Intracellular PD-L1 regulates DNA damage checkpoints and suppresses Chk1 and PARP inhibitor synthetic lethality

Abstract

Abstract Tumor PD-L1 mediates non-canonical, intracellular signals including the DNA damage response (DDR), of unclear significance and mechanisms. We show that genetic PD-L1 depletion (PD-L1KO) destabilized the Chk2 protein, a DNA damage response (DDR) factor, resulting in ATM/Chk2 pathway defects but not ATR/Chk1 in melanoma, bladder, breast, and ovarian cancer. Consistent with ATM/Chk2 defects, PD-L1 KO led to DNA damage (γH2AX) and impaired homologous recombination (HR) (p-RPA32, BRCA1, Rad51 foci). Thus, PD-L1 KO vs control cells were significantly more sensitive to DDR inhibitors (DDRi) against ATR, Chk1, and PARP in vitro and in vivo in NSG mice.

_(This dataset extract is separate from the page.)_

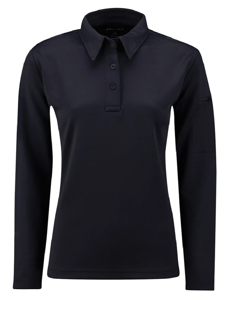 Propper® F5357 Series Women's Long Sleeve I.C.E.® Performance Polo, 32.5 - 33.5 in Chest, Button Closure, 6.8 oz Fabric Weight, Hooded No, X-Small, LAPD Navy, 94 % Polyester/6 % Spandex Interlock, Regular Length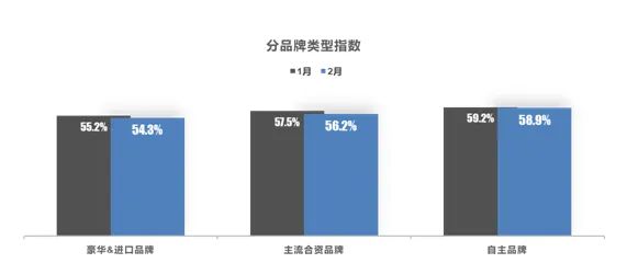 从分品牌类型指数看:2 月进口 & 豪华品牌、主流合资品牌、自主品牌指数环比小幅下降。

Chk2 regulation by PD-L1 was independent of PD-L1 cytoplasmic tail yet required intracellular (vs surface) PD-L1 suggesting physical PD-L1/Chk2 interaction supported by IP and imaging. PD-L1 stabilized Chk2 protein by preventing its lysosomal degradation without altering Chek2 mRNA. αPD-L1 is thought to work by protecting PD-L1 induced anti-tumor T cell suppression via PD-1, but PD-L1 DDR effects were PD-1-independent. Intracellular PD-L1 suppressed DDRi induced cGAS/STING activation by immunoblots and qRT-PCR of type 1 IFN genes. In vivo in WT mice, genetic PD-L1 depletion but not αPD-L1, sensitized highly immunotherapy resistant 4T1 breast cancer to PARPi. Strikingly, PARPi had reduced effect on PD-L1KO tumors in RAG2KO mice despite treating WT mice, indicating a strong immune component to DDRi efficacy. Our work implicates a novel role of intracellular PD-L1 in DDR and tumor immunogenicity and identifies related therapeutic vulnerabilities exposed by intracellular PD-L1 targeting. Surface vs intracellular PD-L1, and specific DDR signals could be treatment response biomarkers.